Fnord is a word coined in 1965 by Kerry Thornley and Greg Hill in the Principia Discordia. It entered the popular culture after appearing in The Illuminatus! Trilogy (1975) of satirical and parody conspiracy fiction novels by Robert Shea and Robert Anton Wilson. In these novels, the interjection "fnord" is given hypnotic power over the unenlightened, and children in grade school are taught to be unable to consciously see the word "fnord". For the rest of their lives, every appearance of the word subconsciously generates a feeling of uneasiness and confusion, and prevents rational consideration of the subject.

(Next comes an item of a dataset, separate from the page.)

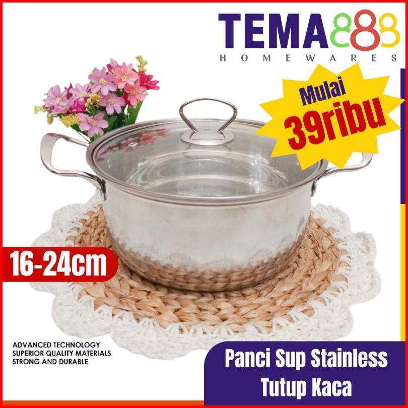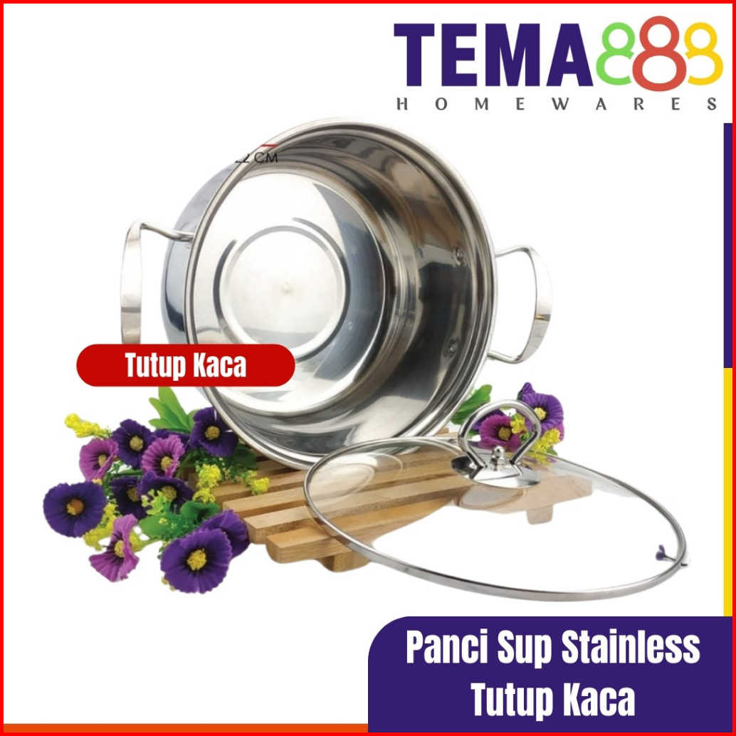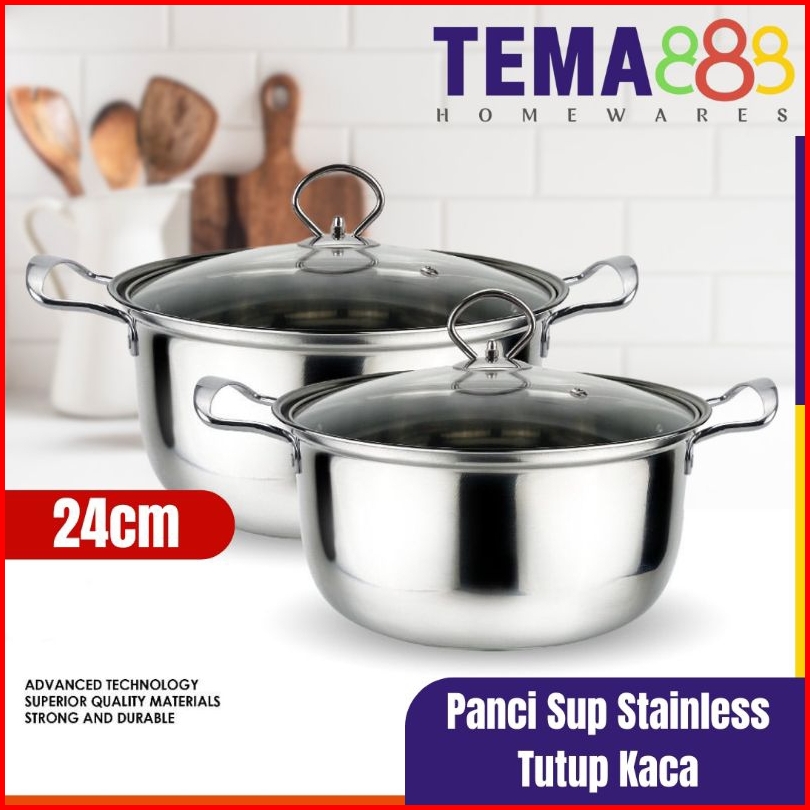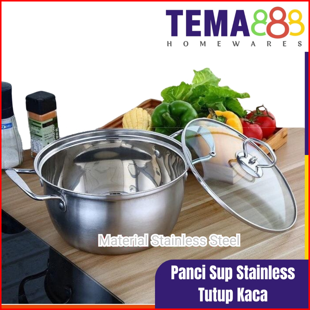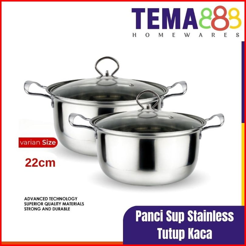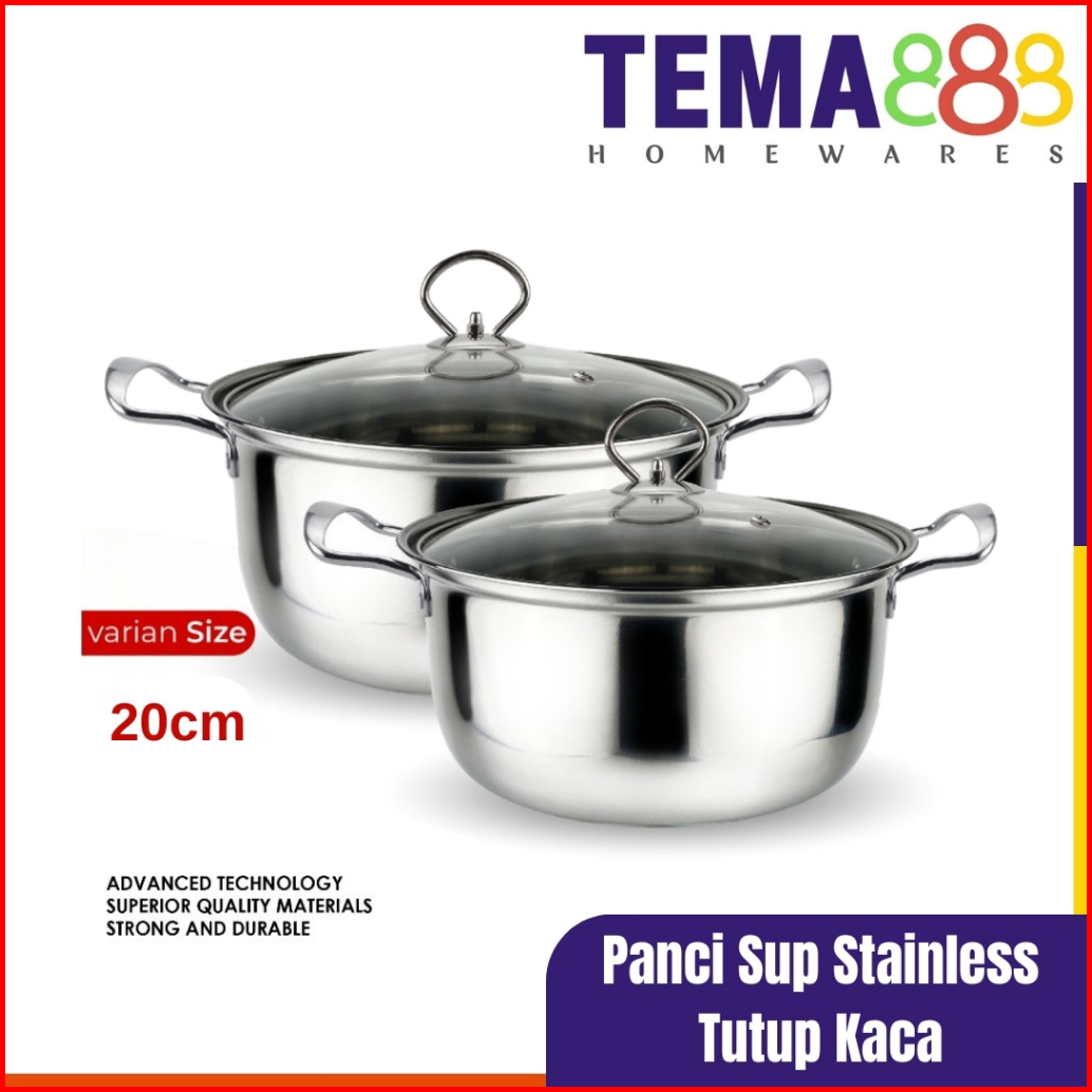 Panci Sup Tutup Kaca Stainless Steel Soup Pot 24cm 22cm 20cm 18cm 16cm Gagang Stainless

The word is often used in newsgroup and hacker culture to indicate that someone is being ironic, humorous, or surreal. Often placed at the end of a statement in brackets (fnord) to make the ironic purpose clear, it is a label that may be applied to any random or surreal sentence, coercive subtext, or anything jarringly out of context (intentionally or not). It is sometimes used as a metasyntactic variable in programming. It appears in the Church of the SubGenius recruitment film Arise! and has been used in the SubGenius newsgroup alt.slack.
The word was coined as a nonsensical term with religious undertones in the Discordian religious text Principia Discordia (1965) by Kerry Thornley and Greg Hill, but was popularized by The Illuminatus! Trilogy (1975) of satirical conspiracy fiction novels by Robert Shea and Robert Anton Wilson.Illuminatus! was produced, in the United Kingdom, as a cycle of plays by anarchic theatre director Ken Campbell and his Jungian Science Fiction Theatre of Liverpool. The plays popularized the term.